La reciente misión de observación de la Organización de Estados Americanos (OEA) sobre la elección del Poder Judicial en México no es sino otro capítulo en la larga historia de intromisiones que esta entidad ha tenido en los destinos de nuestros pueblos latinoamericanos. La OEA, que se presenta como defensora de la democracia, revela una vez más su rostro real: el de un organismo alineado con intereses de la derecha y el neoliberalismo, que busca preservar privilegios y resistir los vientos de cambio que brotan desde las raíces mismas de nuestras sociedades.

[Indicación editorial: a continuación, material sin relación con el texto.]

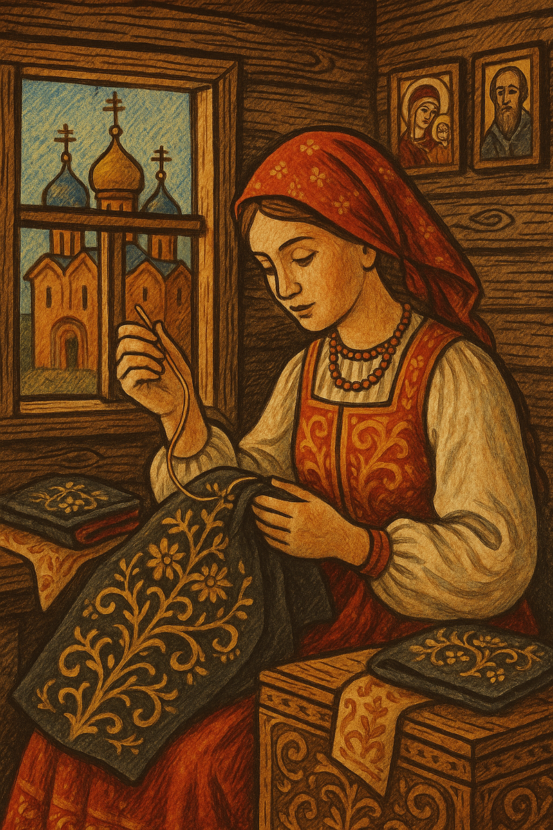 Как нитью из золота украшали иконы, сарафаны и свадьбы — и зачем в каждом стежке была молитва Когда в старину в избе зажигалась лампада, а бабушка доставала сундук, то среди лоскутов, кружев и ниток всегда лежала тонкая ткань с золотыми искрами. Это было золотное шитьё — не просто украшение, а знак веры, красоты и защиты. Его передавали из рода в род, берегли и создавали с благоговением. Сегодня расскажем, как золотая нить превратилась в символ женского мастерства, откуда пошло искусство золотного шитья, и почему оно до сих пор звучит как тёплый звон в ладонях истории. Корни золотного шитья — в Суздале, Ростове Великом, Москве, Смоленске. Уже в XII веке монастыри имели мастерские, где золотыми и серебряными нитями вышивали оклады икон, риз, покровцы, пояса, а позже — праздничные наряды боярынь. Особенно ценилось смоленское шитьё — его использовали для украшения икон Богоматери Одигитрии, которую почитали как покровительницу всей Руси. Нити делали из спиралек тонкого золота, накрученног

Es curioso —y doloroso— que un organismo con tal historial de apoyo a golpes de Estado y a políticas que han sumido a millones en la desigualdad, ahora critique un proceso tan emblemático como la elección popular para jueces en México. La OEA, con la distancia de sus despachos y sin haber pisado el suelo de las comunidades mexicanas, juzga este modelo como un experimento peligroso, señalando un bajo nivel de participación —apenas un 13 por ciento— y recomendando que ningún otro país de la región se aventure por ese camino.
Pero en esa fría estadística se esconde la verdad profunda: ese abstencionismo es un grito silencioso, el eco de años de desconfianza y exclusión de un sistema judicial históricamente opaco, en manos de élites que han gobernado sin rendir cuentas. No es el modelo el que falla, sino un pueblo que comienza a despertar y a reclamar su derecho a decidir, a ser protagonista de su justicia. La OEA no parece comprender —o no quiere comprender— que ese despertar es precisamente lo que aterra a quienes prefieren mantener el control cerrado, donde los poderosos deciden sin permiso ni vigilancia.
Además, la arrogancia de este organismo no tiene límites. Se atreve a emitir recomendaciones para toda la región, dictando qué caminos deben seguir los países hermanos, sin respeto alguno por la soberanía ni por las particularidades de cada nación. Esta imposición encaja con la agenda de un neoliberalismo tecnocrático que desprecia la participación popular y privilegia una justicia selecta, cómoda para los poderosos y distante para los pueblos.
En medio de este escenario, la presidenta Claudia Sheinbaum hizo un llamado a la dignidad y a la defensa de la autonomía nacional. Su denuncia sobre el exceso de funciones de la OEA y su injerencia en asuntos que solo competen a México es un gesto necesario para recordar que los pueblos deben ser los arquitectos de su destino, sin tutelajes ni condicionamientos foráneos. Más aún cuando los jueces electos ni siquiera han tomado posesión y ya son juzgados por un organismo externo.
Pero no es la primera ni la última vez que sucederá, ya que el organismo ha sido históricamente utilizado para frenar los procesos democráticos que incomodan a las élites neoliberales y conservadoras. La OEA, lejos de ser un árbitro imparcial, es un actor político con intereses bien definidos, que busca perpetuar un modelo de justicia que ha demostrado fracasar en brindar equidad y justicia social a nuestras naciones.
Por eso, la intromisión de la OEA en México debe ser vista con ojos críticos y corazón alerta. Más que un llamado a cerrar puertas, es una invitación a fortalecer la autonomía, a forjar instituciones democráticas que nazcan desde nuestras raíces, en el respeto profundo a nuestra historia y a nuestra diversidad. Solo así, nuestra América Latina podrá construir un futuro donde la justicia no sea un privilegio, sino un derecho irrenunciable de todos sus pueblos.